10m 4m 2 {kubelet test-cluster-cja8smaK-oQSR} spec.containers{pnovotnak-manhole} Normal Pulled Successfully pulled image "pnovotnak/it"
4m 4m 1 {kubelet test-cluster-cja8smaK-oQSR} spec.containers{pnovotnak-manhole} Normal Created Created container with docker id yyyyyyyyyyyy; Security:[seccomp=unconfined]

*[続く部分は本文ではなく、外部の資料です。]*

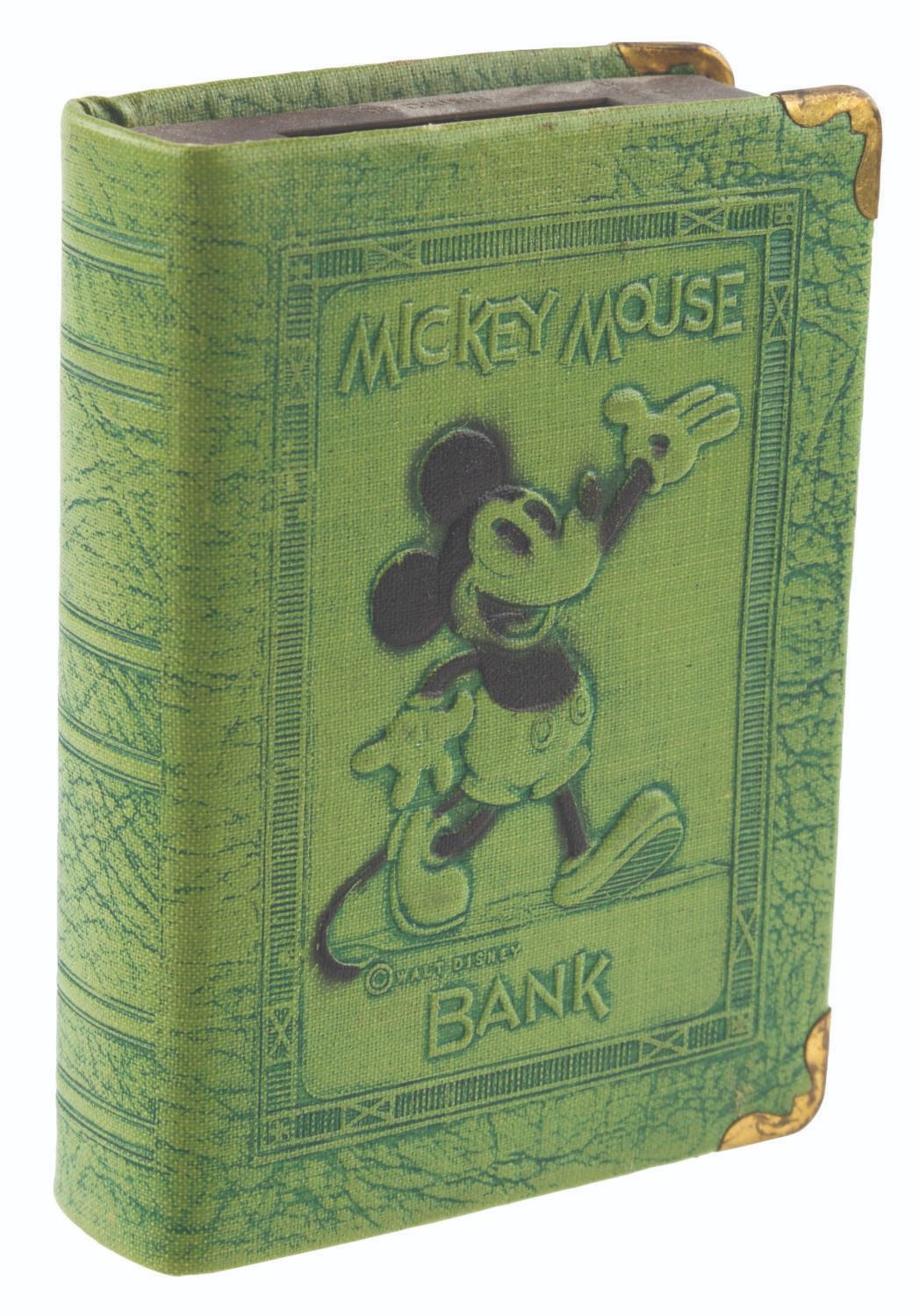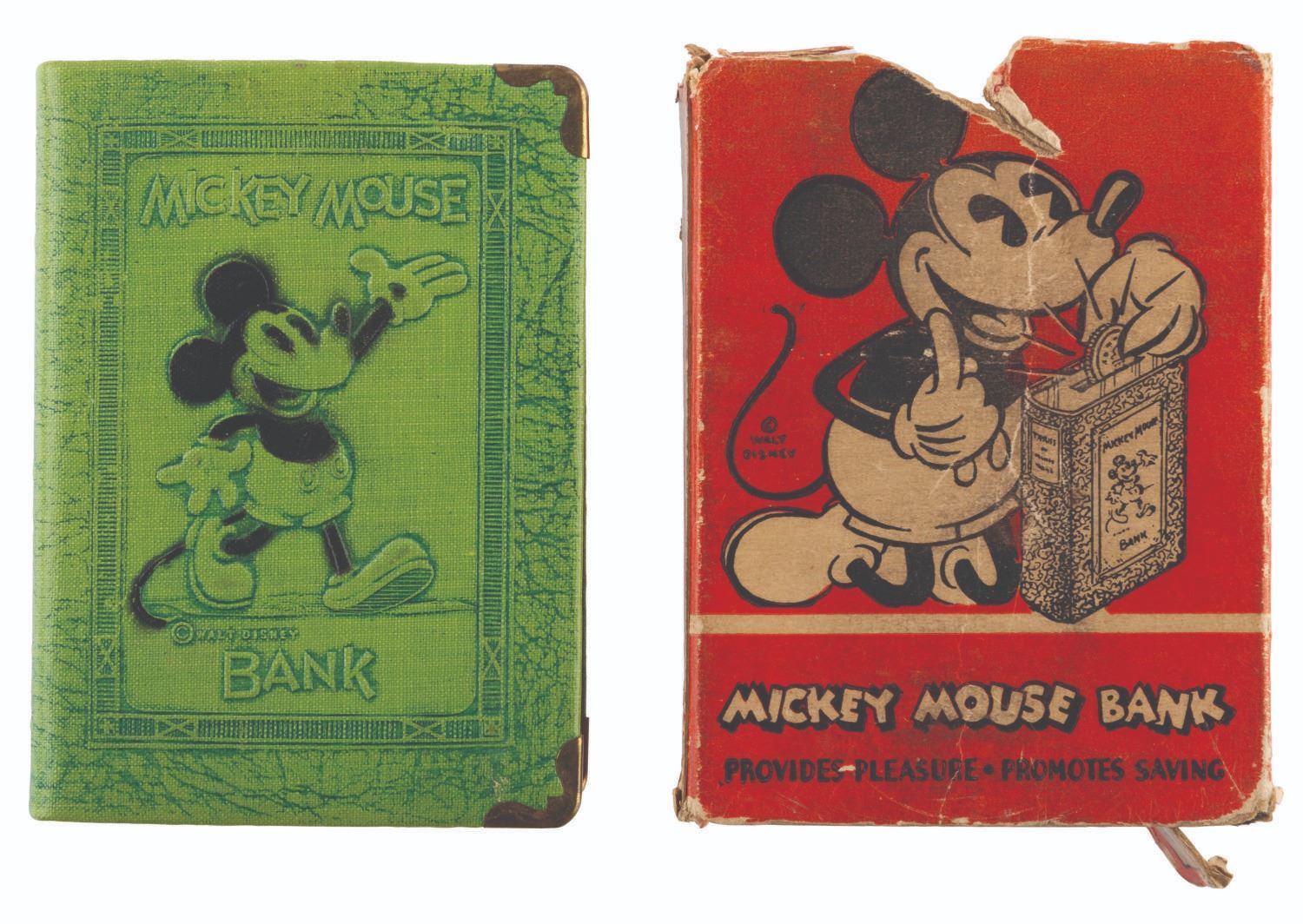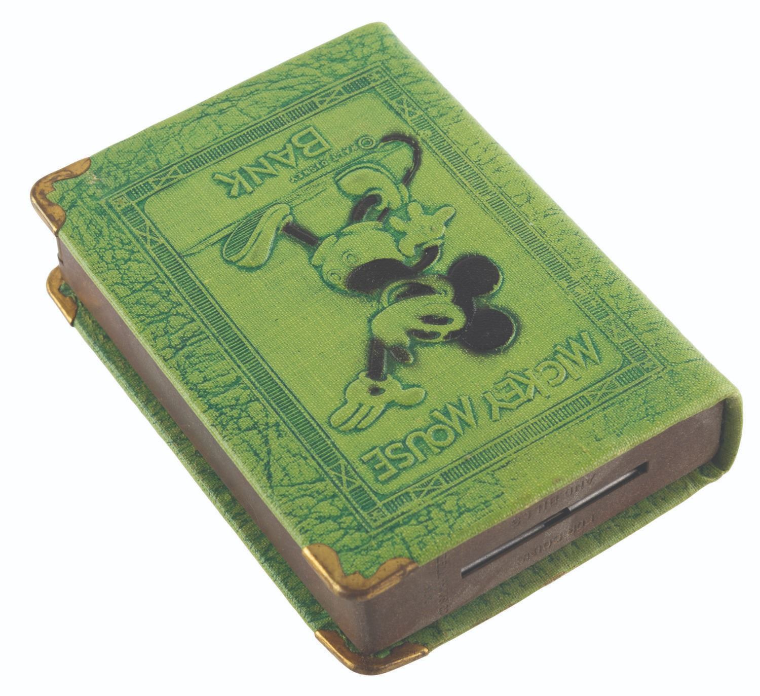 (Zell, 1933) A charming 1930s book bank featuring Mickey Mouse, with the rarely-retained original packaging. Measuring 3.25" x 1" x 4.25" with its 3.25" x 1.25" 4.5" tall box, the cast metal bank features a hinged door at the bottom and is in very good condition with light wear, oxidation and discoloration from age, while the box is in fair condition with tears up to 2" long creases, wear, and the lid missing.

4m 4m 1 {kubelet test-cluster-cja8smaK-oQSR} spec.containers{pnovotnak-manhole} Normal Started Started container with docker id yyyyyyyyyyyy
ポッドログから取得できるのは、
{
textPayload: "shutting down, got signal: Terminated
"
insertId: "aaaaaaaaaaaaaaaa"
resource: {
type: "container"
labels: {
pod_id: "pnovotnak-manhole-123456789-82l2h"
...
}
}
timestamp: "2017-02-03T22:34:48Z"
severity: "ERROR"
labels: {
container.googleapis.com/container_name: "POD"
...
}
logName: "projects/myproj/logs/POD"
}
そして、kubletログ。
{
insertId: "bbbbbbbbbbbbbb"
jsonPayload: {
_BOOT_ID: "ffffffffffffffffffffffffffffffff"
MESSAGE: "I0203 22:41:11.925928 1843 kubelet.go:1816] SyncLoop (PLEG): "pnovotnak-manhole-123456789-82l2h_test(a-uuid)", event: &pleg.PodLifecycleEvent{ID:"another-uuid", Type:"ContainerDied", Data:"..."}"
...
これは、これをOOMイベントとして一意に識別するのに十分とは思えません。他のアイデアは?
OOMKilledイベントはログに表示されませんが、ポッドが強制終了されたことを検出できる場合は、 kubectl get pod -o go-template=... <pod-id>
理由を判別します。 the docs の例:
[13:59:01] $ ./cluster/kubectl.sh get pod -o go-template='{{range.status.containerStatuses}}{{"Container Name: "}}{{.name}}{{"\r\nLastState: "}}{{.lastState}}{{end}}' simmemleak-60xbc
Container Name: simmemleak
LastState: map[terminated:map[exitCode:137 reason:OOM Killed startedAt:2015-07-07T20:58:43Z finishedAt:2015-07-07T20:58:43Z containerID:docker://0e4095bba1feccdfe7ef9fb6ebffe972b4b14285d5acdec6f0d3ae8a22fad8b2]]
プログラムでこれを実行している場合、kubectl
出力に依存するより良い代替策は、Kubernetes REST API GET /api/v1/pods
メソッド。 APIにアクセスするためのメソッドも ドキュメントに記載されています です。